■ Problem to solve
The answer must be the full data, restated word for word, with no pictures in it.
[Collected material]
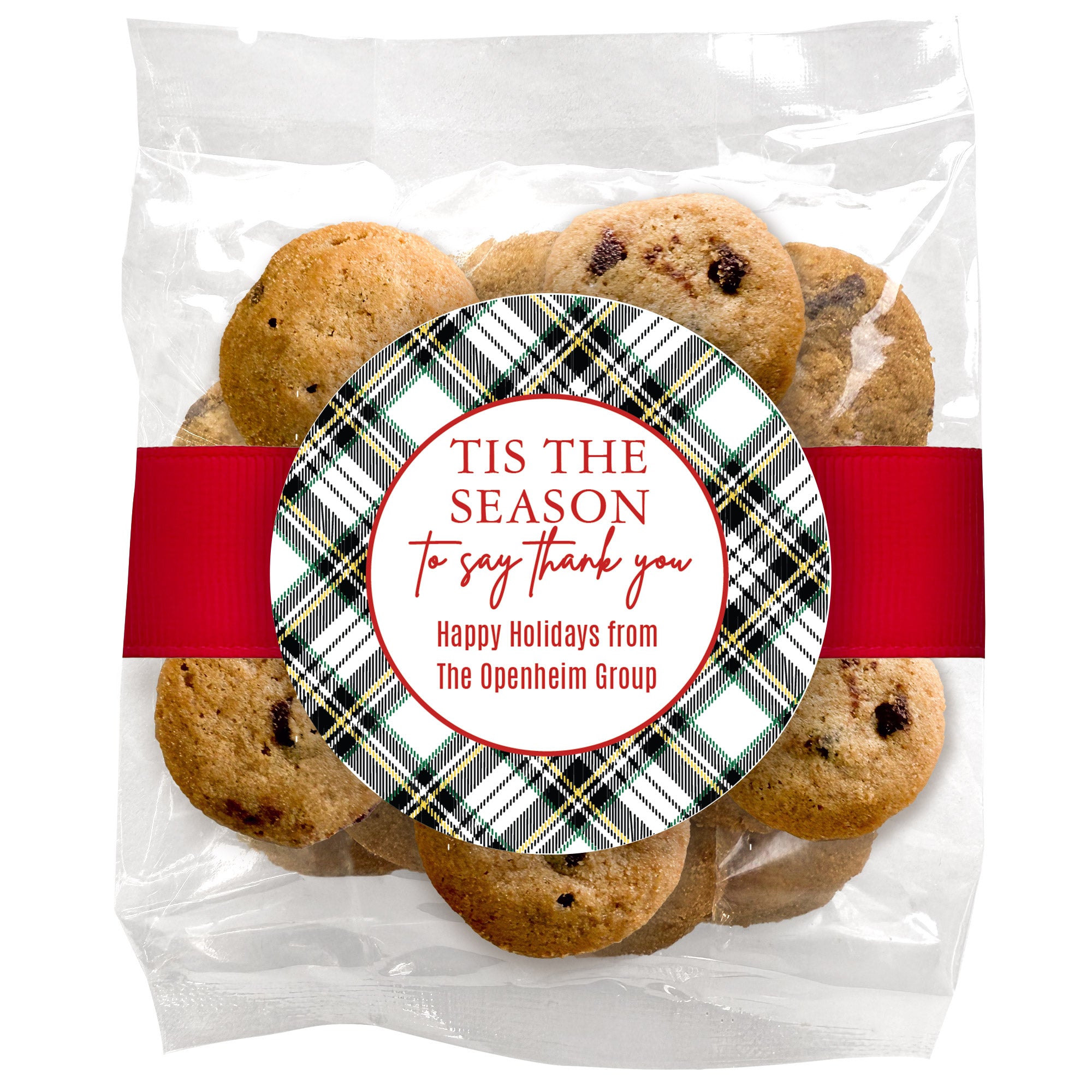 Bite-Sized Chocolate Chip Cookies (2 oz., approx. 16 cookies) W/ Full Color Custom Sticker - Tis the season to say Thank You
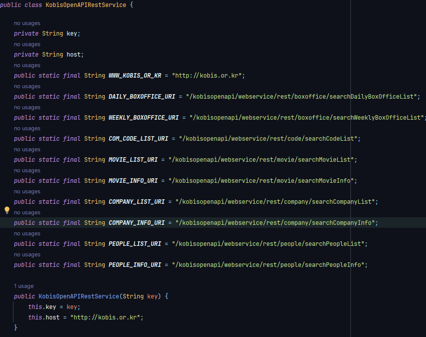 KobisOpenAPIRestService service = new KobisOpenAPIRestService(key);
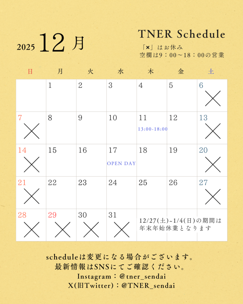 【12月】営業スケジュールのお知らせ
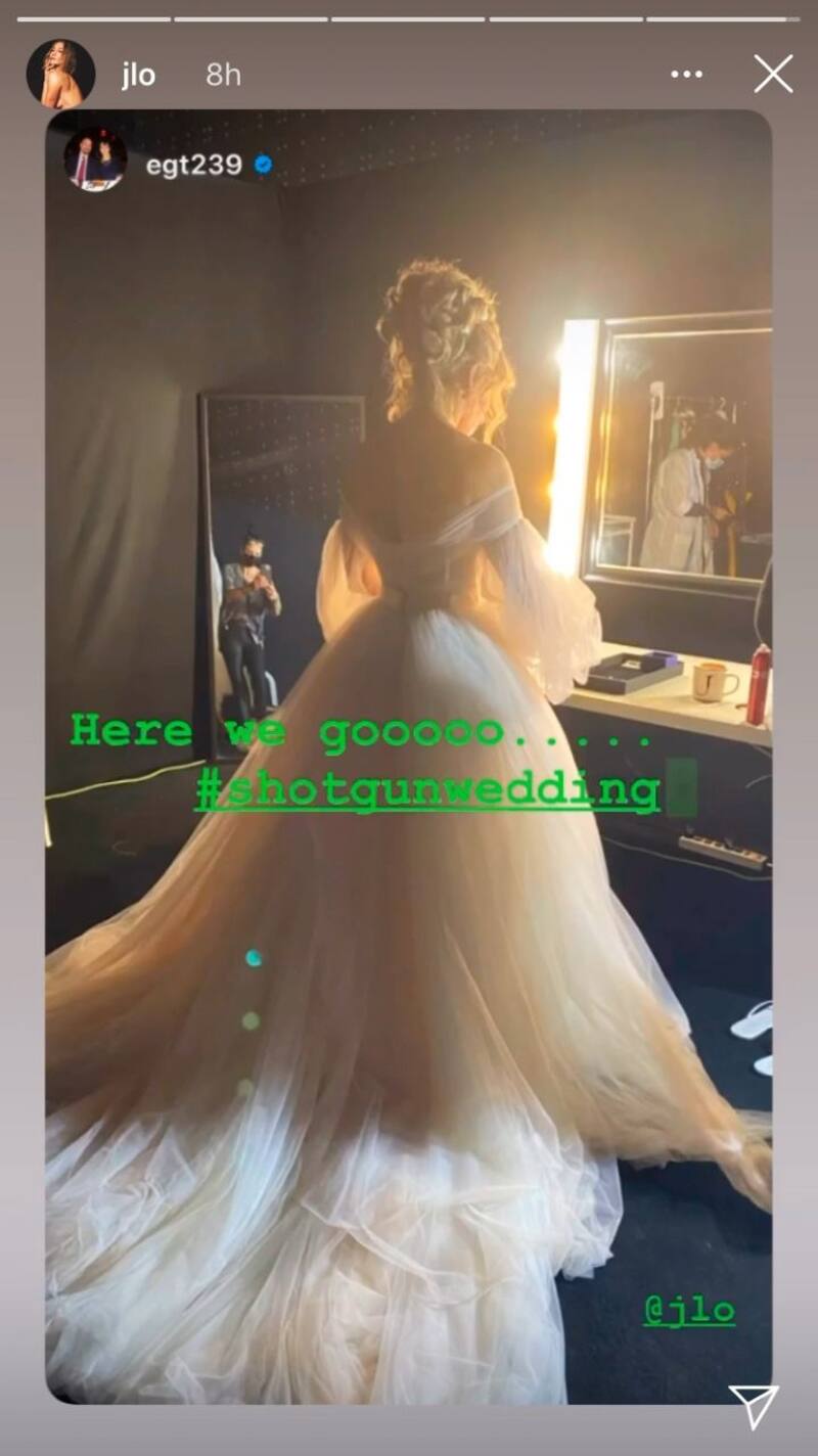 Jennifer Lopez posó con un vestido de novia en una imagen de espalda, con un diseño largo de escote barco, mangas con volumen y vaporosa falda de tul con cola a través de redes sociales. Muchos usuarios pensaron que se trataba de su boda con Alex Rodriguez, pero se llevaron la noticia de que la imagen pertenece al rodaje de su última película, "Shotgun Wedding".
[/Collected material]
■ Solution
 Bite-Sized Chocolate Chip Cookies (2 oz., approx. 16 cookies) W/ Full Color Custom Sticker - Tis the season to say Thank You
 KobisOpenAPIRestService service = new KobisOpenAPIRestService(key);
 【12月】営業スケジュールのお知らせ
 Jennifer Lopez posó con un vestido de novia en una imagen de espalda, con un diseño largo de escote barco, mangas con volumen y vaporosa falda de tul con cola a través de redes sociales. Muchos usuarios pensaron que se trataba de su boda con Alex Rodriguez, pero se llevaron la noticia de que la imagen pertenece al rodaje de su última película, "Shotgun Wedding".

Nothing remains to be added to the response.